Raketen auf Gaza-Stadt

Bei einem Angriff der israelischen Armee werden 18 Menschen verletzt. USA drohen Arafat mit Sanktionen. UN-Menschenrechtskommissarin für unabhängige Beobachter

GAZA-STADT rtr/dpa ■ Nach zweitägiger Pause hat die israelische Armee gestern morgen erneut Einrichtungen der Palästinenserregierung in Gaza-Stadt angegriffen. Mindestens 18 Menschen wurden dabei verletzt. Die Raketen trafen den Amtssitz des palästinensischen Polizeichefs. Augenzeugen berichteten, zwei vierstöckige Gebäude lägen in Schutt und Asche. Zwei große Explosionen hätten die Stadt erschüttert, nachdem israelische Kampfflugzeuge über die Stadt geflogen seien. Durch die Explosionen zerbarsten in einem größeren Umkreis Fensterscheiben. Eine große schwarze Rauchwolke stand über der Stadt.

Die Armee teilte mit, die Luftangriffe seien gegen Einrichtungen der Palästinenser-Regierung gerichtet, die terroristische Aktivitäten unterstützen. Israels Außenminister Schimon Peres bekräftigte im israelischen Rundfunk, die Palästinenser müssten die für den Terror Verantwortlichen festnehmen. Der palästinensische Sicherheitschef Abdel Rasek al-Madschajdeh sagte: „Der israelische Angriff hat alle unsere Bemühungen zerstört, die Ordnung wiederherzustellen.“ Die Spannungen würden sich weiter verschärfen.

Die US-Regierung hat Palästinenserpräsident Jassir Arafat mit dem Abbruch der offiziellen Kontakte zur Autonomiebehörde gedroht, falls Arafat nicht entschlossen gegen den Terrorismus in seinem Gebiet vorgeht. Dies berichtete die Tageszeitung Jediot Achronot gestern unter Berufung auf israelische und US-amerikanische diplomatische Kreise.

Überdies seien israelische Truppen mit Panzern in den Süden des Gaza-Streifens eingerückt, sagen Palästinenser-Vertreter. Dabei seien zwei Männer festgenommen worden. Einer sei ein Mitarbeiter des palästinensischen Geheimdienstes. Die Armee sprach von drei Menschen in ihrem Gewahrsam.

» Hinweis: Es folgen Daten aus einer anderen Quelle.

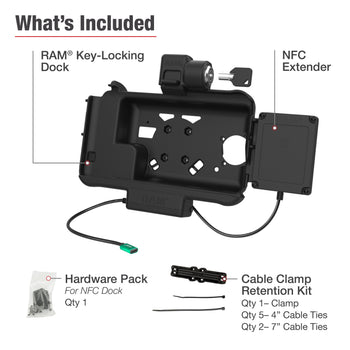 - Includes NFC repeater extending to 30cm of reach and attaches to the back of select RAM® and GDS® tablet docks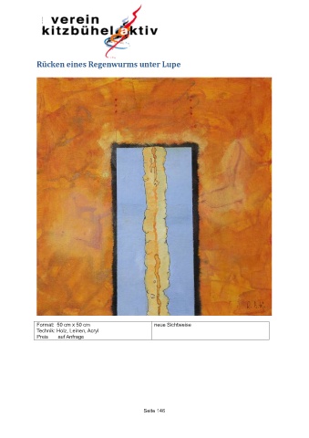 Rücken eines Regenwurms unter Lupe Format: 50 cm x 50 cm neue Sichtweise Technik: Holz, Leinen, Acryl Preis auf Anfrage Seite 146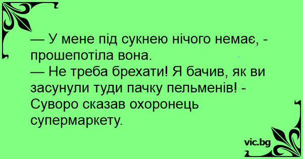 — Не треба брехати! Я бачив, як ви засунули туди пачку пельменів! - Суворо сказав охоронець супермаркету.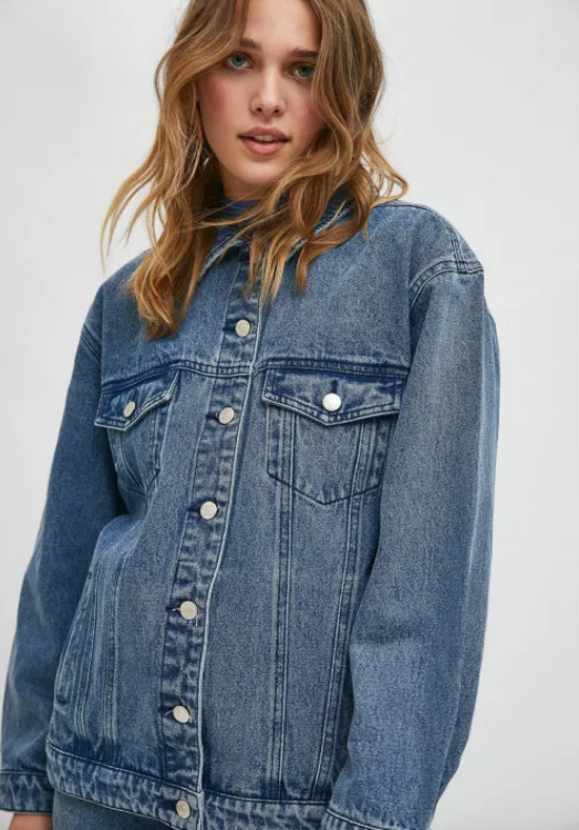 Blue oversized denim jacket. Lapel collar. Long sleeves. Front jetted pockets and side patch pockets. Front metal buttons. Model wears size S.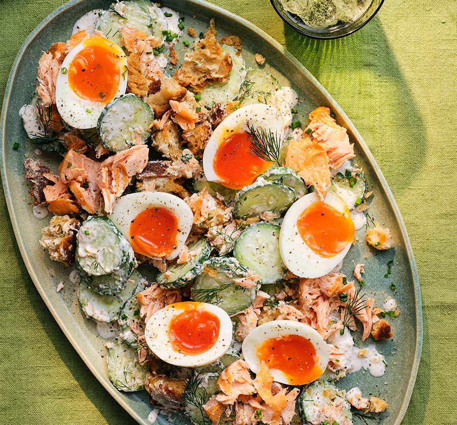 Put cucumber centre stage in this smoked trout salad with eggs and sourdough croutons. It’s a great way to showcase homegrown cucumbers a little differently.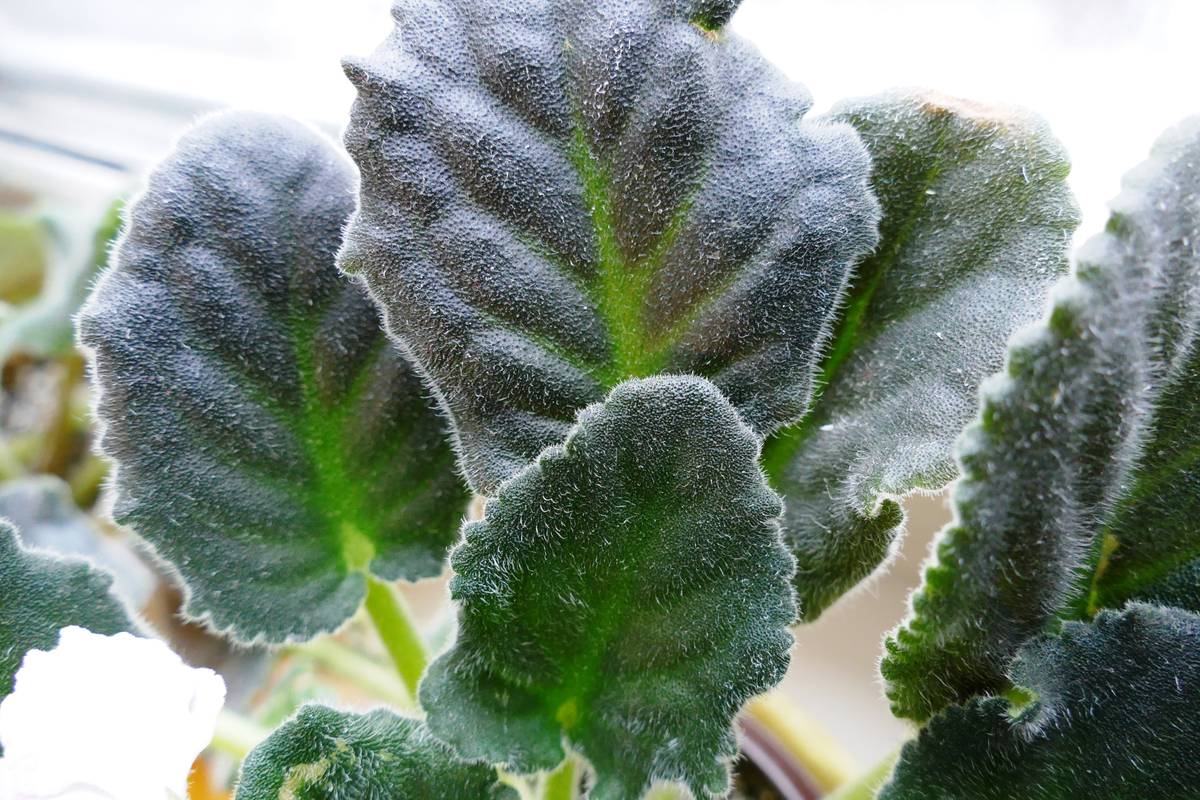 Stammen til den fiolette er grønn. Bladene kan være lysegrønne til mørkegrønne. Noen ganger er det hvite med en mørk kant eller broket med forskjellige mønstre. Innsiden av arket kan være drastisk forskjellig fra utsiden, for eksempel har en lilla fargetone.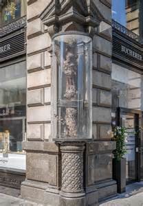 You don’t have to go far to find oddities and feel yourself smiling and musing, ‘Only in Vienna. ..’ – a familiar refrain uttered by locals and regular visitors alike. Take a walk up Vienna’s most fashionable street – Kärntnerstrasse – and you will arrive at St. Stephen’s Square (Stefansplatz) right by the magnificent cathedral. There, on the corner of Graben, you will see an extraordinary sight. A seven foot tree trunk, encased in glass and embedded with hundreds of nails, bound in iron, with a padlock. It is known as Stock im Eisen (staff in iron).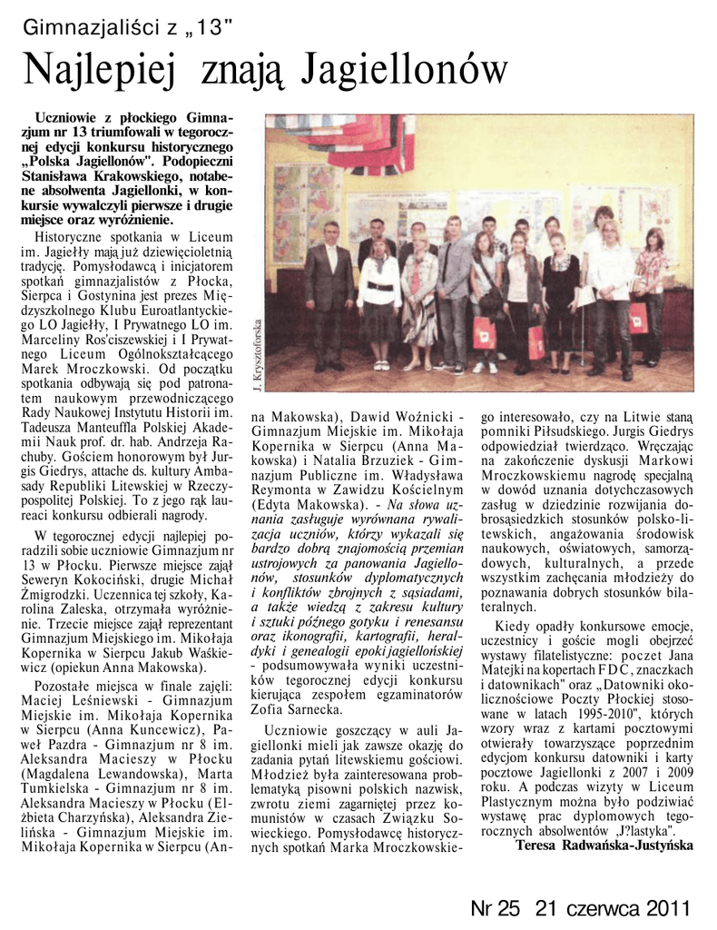 Gimnazjaliści z „13" Najlepiej znają Jagiellonów Uczniowie z płockiego Gimna zjum nr 13 triumfowali w tegorocz nej edycji konkursu historycznego „Polska Jagiellonów". Podopieczni Stanisława Krakowskiego, notabe ne absolwenta Jagiellonki, w kon kursie wywalczyli pierwsze i drugie miejsce oraz wyróżnienie. Historyczne spotkania w Liceum im. Jagiełły mają już dziewięcioletnią tradycję. Pomysłodawcą i inicjatorem spotkań gimnazjalistów z Płocka, Sierpca i Gostynina jest prezes Mię dzyszkolnego Klubu Euroatlantyckiego LO Jagiełły, I Prywatnego LO im. Marceliny Ros'ciszewskiej i I Prywat nego Liceum Ogólnokształcącego Marek Mroczkowski. Od początku spotkania odbywają się pod patrona tem naukowym przewodniczącego Rady Naukowej Instytutu Historii im. Tadeusza Manteuffla Polskiej Akade mii Nauk prof. dr. hab. Andrzeja Ra chuby. Gościem honorowym był Jurgis Giedrys, attache ds. kultury Amba sady Republiki Litewskiej w Rzeczy pospolitej Polskiej. To z jego rąk lau reaci konkursu odbierali nagrody. W tegorocznej edycji najlepiej po radzili sobie uczniowie Gimnazjum nr 13 w Płocku. Pierwsze miejsce zajął Seweryn Kokociński, drugie Michał Żmigrodzki. Uczennica tej szkoły, Ka rolina Zaleska, otrzymała wyróżnie nie. Trzecie miejsce zajął reprezentant Gimnazjum Miejskiego im. Mikołaja Kopernika w Sierpcu Jakub Waśkiewicz (opiekun Anna Makowska). Pozostałe miejsca w finale zajęli: Maciej Leśniewski - Gimnazjum Miejskie im. Mikołaja Kopernika w Sierpcu (Anna Kuncewicz), Pa weł Pazdra - Gimnazjum nr 8 im. Aleksandra Macieszy w Płocku (Magdalena Lewandowska), Marta Tumkielska - Gimnazjum nr 8 im. Aleksandra Macieszy w Płocku (El żbieta Charzyńska), Aleksandra Zie lińska - Gimnazjum Miejskie im. Mikołaja Kopernika w Sierpcu (An na Makowska), Dawid Woźnicki Gimnazjum Miejskie im. Mikołaja Kopernika w Sierpcu (Anna M a kowska) i Natalia Brzuziek - G i m nazjum Publiczne im. Władysława Reymonta w Zawidzu Kościelnym (Edyta Makowska). - Na słowa uz nania zasługuje wyrównana rywali zacja uczniów, którzy wykazali się bardzo dobrą znajomością przemian ustrojowych za panowania Jagiello nów, stosunków dyplomatycznych i konfliktów zbrojnych z sąsiadami, a także wiedzą z zakresu kultury i sztuki późnego gotyku i renesansu oraz ikonografii, kartografii, heral dyki i genealogii epoki jagiellońskiej - podsumowywała wyniki uczestni ków tegorocznej edycji konkursu kierująca zespołem egzaminatorów Zofia Sarnecka. Uczniowie goszczący w auli Ja giellonki mieli jak zawsze okazję do zadania pytań litewskiemu gościowi. Młodzież była zainteresowana prob lematyką pisowni polskich nazwisk, zwrotu ziemi zagarniętej przez ko munistów w czasach Związku So wieckiego. Pomysłodawcę historycz nych spotkań Marka Mroczkowskie go interesowało, czy na Litwie staną pomniki Piłsudskiego. Jurgis Giedrys odpowiedział twierdząco. Wręczając na zakończenie dyskusji Markowi Mroczkowskiemu nagrodę specjalną w dowód uznania dotychczasowych zasług w dziedzinie rozwijania do brosąsiedzkich stosunków polsko-li tewskich, angażowania środowisk naukowych, oświatowych, samorzą dowych, kulturalnych, a przede wszystkim zachęcania młodzieży do poznawania dobrych stosunków bila teralnych. Kiedy opadły konkursowe emocje, uczestnicy i goście mogli obejrzeć wystawy filatelistyczne: poczet Jana Matejki na kopertach F D C , znaczkach i datownikach" oraz „Datowniki oko licznościowe Poczty Płockiej stoso wane w latach 1995-2010", których wzory wraz z kartami pocztowymi otwierały towarzyszące poprzednim edycjom konkursu datowniki i karty pocztowe Jagiellonki z 2007 i 2009 roku. A podczas wizyty w Liceum Plastycznym można było podziwiać wystawę prac dyplomowych tego rocznych absolwentów ,J?lastyka". Teresa Radwańska-Justyńska Nr 25 21 czerwca 2011

Unterdessen äußerte sich Ägyptens Präsident Husni Mubarak skeptisch über die weitere Entwicklung. Auf die Frage, wie er die Aussichten für Frieden beurteile, sagte Mubarak der libanesischen Zeitung As-Safir: „Ich habe noch nicht aufgegeben, aber was ich sehe ist, dass, nach all den Bemühungen, es keinen Zweck hat, wenn Scharon seine gegenwärtige Politik fortsetzt.“ Vielleicht werde aber ein Wunder geschehen. „Die Amerikaner könnten die Führung übernehmen und Hoffnung geben.“

Israel begann seine jüngsten Angriffe, nur Stunden nachdem der US-Vermittler Anthony Zinni mit Palästinenserpräsident Jassir Arafat zusammengetroffen war. Bis gestern Nachmittag war unklar, ob die von den USA vermittelten Sicherheitsgespräche zwischen den Konfliktparteien wie geplant stattfinden würden.

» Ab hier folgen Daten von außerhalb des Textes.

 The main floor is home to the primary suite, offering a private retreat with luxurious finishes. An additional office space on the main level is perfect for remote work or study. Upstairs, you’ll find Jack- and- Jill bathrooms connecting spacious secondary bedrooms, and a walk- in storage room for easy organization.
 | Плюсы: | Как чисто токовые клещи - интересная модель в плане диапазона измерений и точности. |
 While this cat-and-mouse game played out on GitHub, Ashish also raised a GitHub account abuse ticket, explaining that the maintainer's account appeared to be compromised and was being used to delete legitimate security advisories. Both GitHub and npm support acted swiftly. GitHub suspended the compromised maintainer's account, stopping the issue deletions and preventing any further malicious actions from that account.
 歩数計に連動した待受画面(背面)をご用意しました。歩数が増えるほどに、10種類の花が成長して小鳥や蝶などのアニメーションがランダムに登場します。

Der türkische Premier Bülent Ecevit sagte, Scharon wolle Arafat „loswerden“. Dies habe ihm Scharon bei einem Telefon-Gespräch mitgeteilt. „Scharon hat offen den Wunsch geäußert, Arafat loszuwerden“, sagte Ecevit in Ankara ohne diese Äußerung näher zu erläutern.

UN-Menschenrechtskommissarin Mary Robinson sprach sich angesichts der andauernden Gewalt erneut für die Entsendung von unabhängigen Beobachtern aus. Diese könnten auf israelischer wie palästinensischer Seite mehr Sicherheit für die Zivilbevölkerung bringen, sagte Robinson gestern.

Mehr als die Hälfte der Israelis befürwortet einer gestern veröffentlichten Meinungsumfrage zufolge den Sturz Arafats. Sieben von zehn Befragten unterstützten „massive militärische Vergeltungsschläge“, berichtete die israelische Zeitung Ma’ariv aus der Umfrage, knapp 40 Prozent eine generelle Kriegserklärung gegen die Palästinenserregierung. Die Umfrage habe nach den palästinensischen Selbstmordanschlägen vom Wochenende und den Vergeltungsschlägen am Wochenanfang stattgefunden.